**Your assignment:** From the listing below, copy every line with the word "color".

**Available data:**
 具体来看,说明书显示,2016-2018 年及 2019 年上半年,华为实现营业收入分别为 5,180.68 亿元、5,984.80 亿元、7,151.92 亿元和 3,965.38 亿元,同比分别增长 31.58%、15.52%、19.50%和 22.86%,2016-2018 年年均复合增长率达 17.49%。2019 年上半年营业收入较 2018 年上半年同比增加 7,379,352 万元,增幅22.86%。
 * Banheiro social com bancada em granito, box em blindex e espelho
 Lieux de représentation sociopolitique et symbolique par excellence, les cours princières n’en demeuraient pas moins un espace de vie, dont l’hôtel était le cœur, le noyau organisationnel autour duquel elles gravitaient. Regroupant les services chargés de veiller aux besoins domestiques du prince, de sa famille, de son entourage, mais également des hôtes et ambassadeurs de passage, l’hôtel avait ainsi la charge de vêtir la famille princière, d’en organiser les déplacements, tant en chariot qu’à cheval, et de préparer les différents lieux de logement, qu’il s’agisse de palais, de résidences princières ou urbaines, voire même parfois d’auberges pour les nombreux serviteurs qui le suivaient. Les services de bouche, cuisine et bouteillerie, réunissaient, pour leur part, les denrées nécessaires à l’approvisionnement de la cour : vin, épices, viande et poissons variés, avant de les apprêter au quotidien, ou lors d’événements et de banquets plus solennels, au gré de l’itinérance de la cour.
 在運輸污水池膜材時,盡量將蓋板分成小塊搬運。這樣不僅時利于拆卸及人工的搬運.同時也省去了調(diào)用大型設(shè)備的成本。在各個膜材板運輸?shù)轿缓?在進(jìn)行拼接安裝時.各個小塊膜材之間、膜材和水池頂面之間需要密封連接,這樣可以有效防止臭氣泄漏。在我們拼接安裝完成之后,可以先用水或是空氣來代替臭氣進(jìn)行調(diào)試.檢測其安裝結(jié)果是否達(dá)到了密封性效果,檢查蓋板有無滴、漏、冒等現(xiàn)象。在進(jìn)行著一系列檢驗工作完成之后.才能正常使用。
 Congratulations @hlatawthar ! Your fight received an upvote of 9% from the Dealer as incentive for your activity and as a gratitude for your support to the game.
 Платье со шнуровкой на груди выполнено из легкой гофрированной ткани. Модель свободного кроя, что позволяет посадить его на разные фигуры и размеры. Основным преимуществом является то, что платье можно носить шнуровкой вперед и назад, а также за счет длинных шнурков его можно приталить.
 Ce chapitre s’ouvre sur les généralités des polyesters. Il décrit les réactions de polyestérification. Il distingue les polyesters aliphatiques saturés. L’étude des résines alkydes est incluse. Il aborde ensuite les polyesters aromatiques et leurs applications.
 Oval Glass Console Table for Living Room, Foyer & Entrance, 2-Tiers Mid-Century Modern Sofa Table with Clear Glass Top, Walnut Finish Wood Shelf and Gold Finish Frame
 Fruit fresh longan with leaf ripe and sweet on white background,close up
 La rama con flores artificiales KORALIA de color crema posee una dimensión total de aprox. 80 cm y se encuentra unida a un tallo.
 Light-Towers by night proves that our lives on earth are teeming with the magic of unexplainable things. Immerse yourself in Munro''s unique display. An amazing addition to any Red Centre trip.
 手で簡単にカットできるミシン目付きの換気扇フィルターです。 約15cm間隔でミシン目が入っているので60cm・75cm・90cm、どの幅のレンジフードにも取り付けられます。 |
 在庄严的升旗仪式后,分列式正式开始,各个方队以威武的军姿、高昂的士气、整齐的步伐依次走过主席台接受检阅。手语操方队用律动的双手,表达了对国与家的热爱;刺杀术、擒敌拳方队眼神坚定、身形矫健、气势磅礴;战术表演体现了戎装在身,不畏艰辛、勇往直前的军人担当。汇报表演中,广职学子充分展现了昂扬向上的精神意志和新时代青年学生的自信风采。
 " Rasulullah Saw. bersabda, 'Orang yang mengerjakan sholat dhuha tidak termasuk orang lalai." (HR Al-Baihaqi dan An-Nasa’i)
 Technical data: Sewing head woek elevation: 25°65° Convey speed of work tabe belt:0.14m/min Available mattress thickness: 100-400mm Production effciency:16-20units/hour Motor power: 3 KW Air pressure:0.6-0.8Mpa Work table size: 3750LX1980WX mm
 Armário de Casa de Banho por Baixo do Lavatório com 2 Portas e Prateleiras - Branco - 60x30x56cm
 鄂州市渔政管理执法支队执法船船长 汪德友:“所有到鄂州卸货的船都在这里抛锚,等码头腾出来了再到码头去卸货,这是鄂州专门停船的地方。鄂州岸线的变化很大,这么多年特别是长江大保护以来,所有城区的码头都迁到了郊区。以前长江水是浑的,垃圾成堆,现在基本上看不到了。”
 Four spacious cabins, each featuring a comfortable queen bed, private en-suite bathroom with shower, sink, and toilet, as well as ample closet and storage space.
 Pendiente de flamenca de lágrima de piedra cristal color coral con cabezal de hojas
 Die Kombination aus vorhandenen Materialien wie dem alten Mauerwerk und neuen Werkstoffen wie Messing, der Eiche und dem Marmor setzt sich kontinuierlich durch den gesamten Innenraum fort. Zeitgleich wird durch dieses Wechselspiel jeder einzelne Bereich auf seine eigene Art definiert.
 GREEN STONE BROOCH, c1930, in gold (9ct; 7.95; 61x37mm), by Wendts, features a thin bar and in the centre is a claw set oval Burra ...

**Response to this exercise:**
 La rama con flores artificiales KORALIA de color crema posee una dimensión total de aprox. 80 cm y se encuentra unida a un tallo.
 Pendiente de flamenca de lágrima de piedra cristal color coral con cabezal de hojas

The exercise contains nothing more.